THE TASK -
Everything in the listing should be transcribed exactly, apart from the pictures.

COLLECTED DATA -
>>
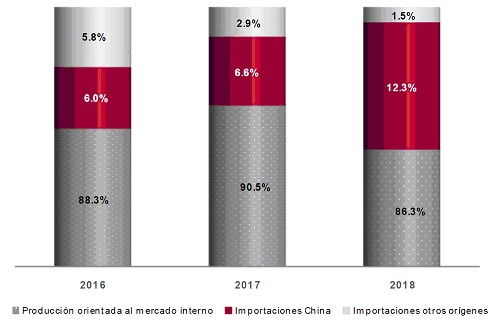 231. Por su parte, la participación de la producción nacional orientada al mercado interno de la rama de producción nacional aumentó 2 puntos porcentuales en periodo analizado; creció 3.5 puntos porcentuales en 2017, pero perdió 1.5 puntos porcentuales en el periodo investigado. Estos resultados indican que las importaciones originarias de China fueron las que se beneficiaron del crecimiento relativo del mercado nacional.
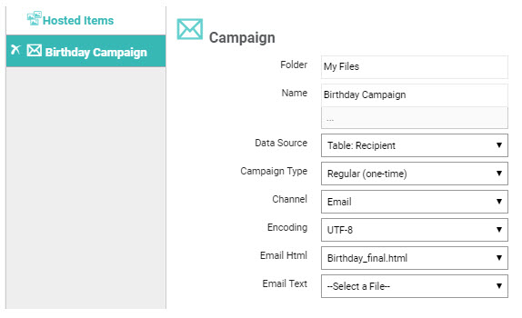 After browsing to and selecting the appropriate .zip file, you would next create your Campaign. You would then select Birthday_final.html as the file for the Email HTML format, and Birthday_final.txt as the file for the Email Text format.
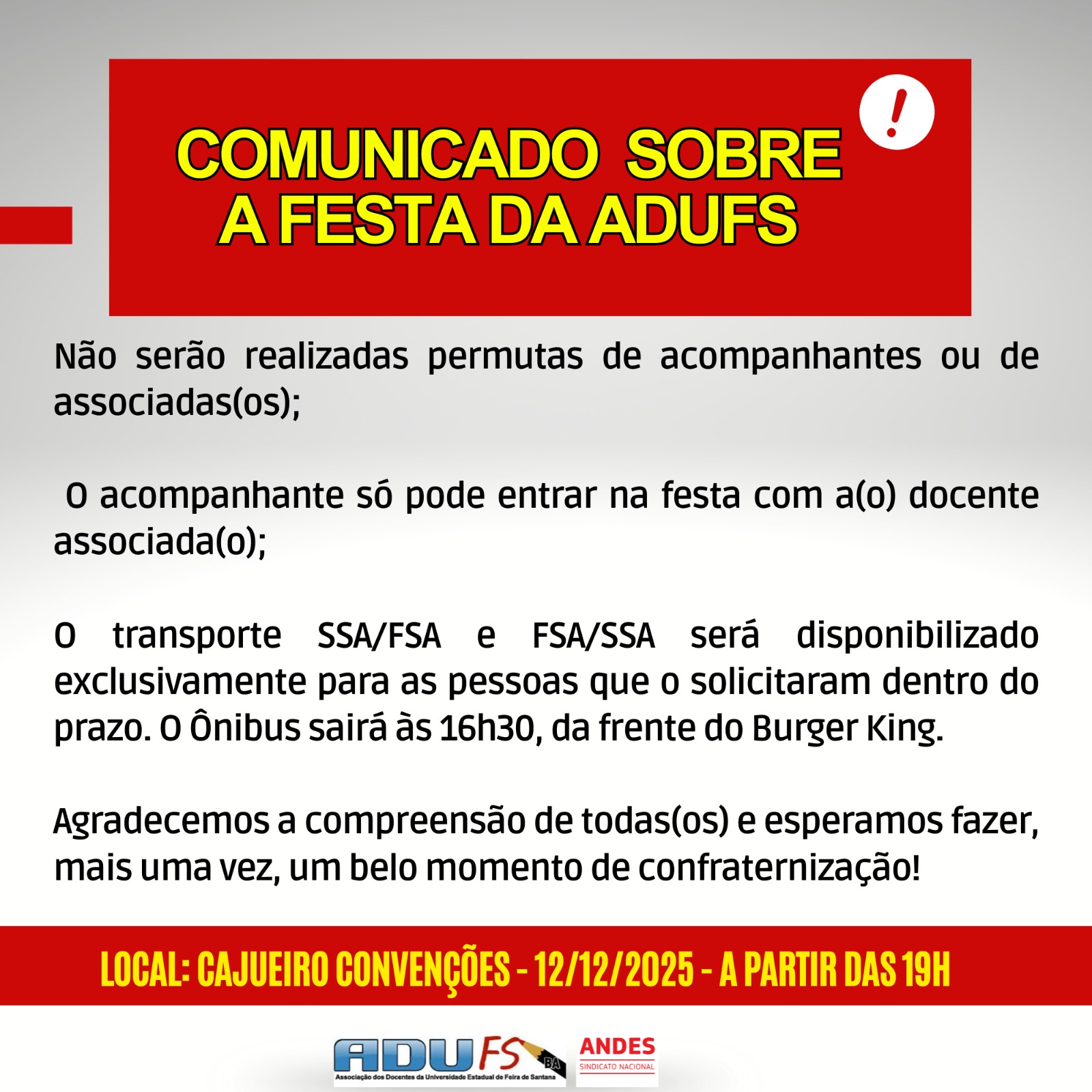 ✅ O transporte SSA/FSA e FSA/SSA será disponibilizado exclusivamente para as pessoas que o solicitaram dentro do prazo. O Ônibus sairá às 16h30, da frente do Burger King.
<<
SOLUTION BELOW -
 231. Por su parte, la participación de la producción nacional orientada al mercado interno de la rama de producción nacional aumentó 2 puntos porcentuales en periodo analizado; creció 3.5 puntos porcentuales en 2017, pero perdió 1.5 puntos porcentuales en el periodo investigado. Estos resultados indican que las importaciones originarias de China fueron las que se beneficiaron del crecimiento relativo del mercado nacional.
 After browsing to and selecting the appropriate .zip file, you would next create your Campaign. You would then select Birthday_final.html as the file for the Email HTML format, and Birthday_final.txt as the file for the Email Text format.
 ✅ O transporte SSA/FSA e FSA/SSA será disponibilizado exclusivamente para as pessoas que o solicitaram dentro do prazo. O Ônibus sairá às 16h30, da frente do Burger King.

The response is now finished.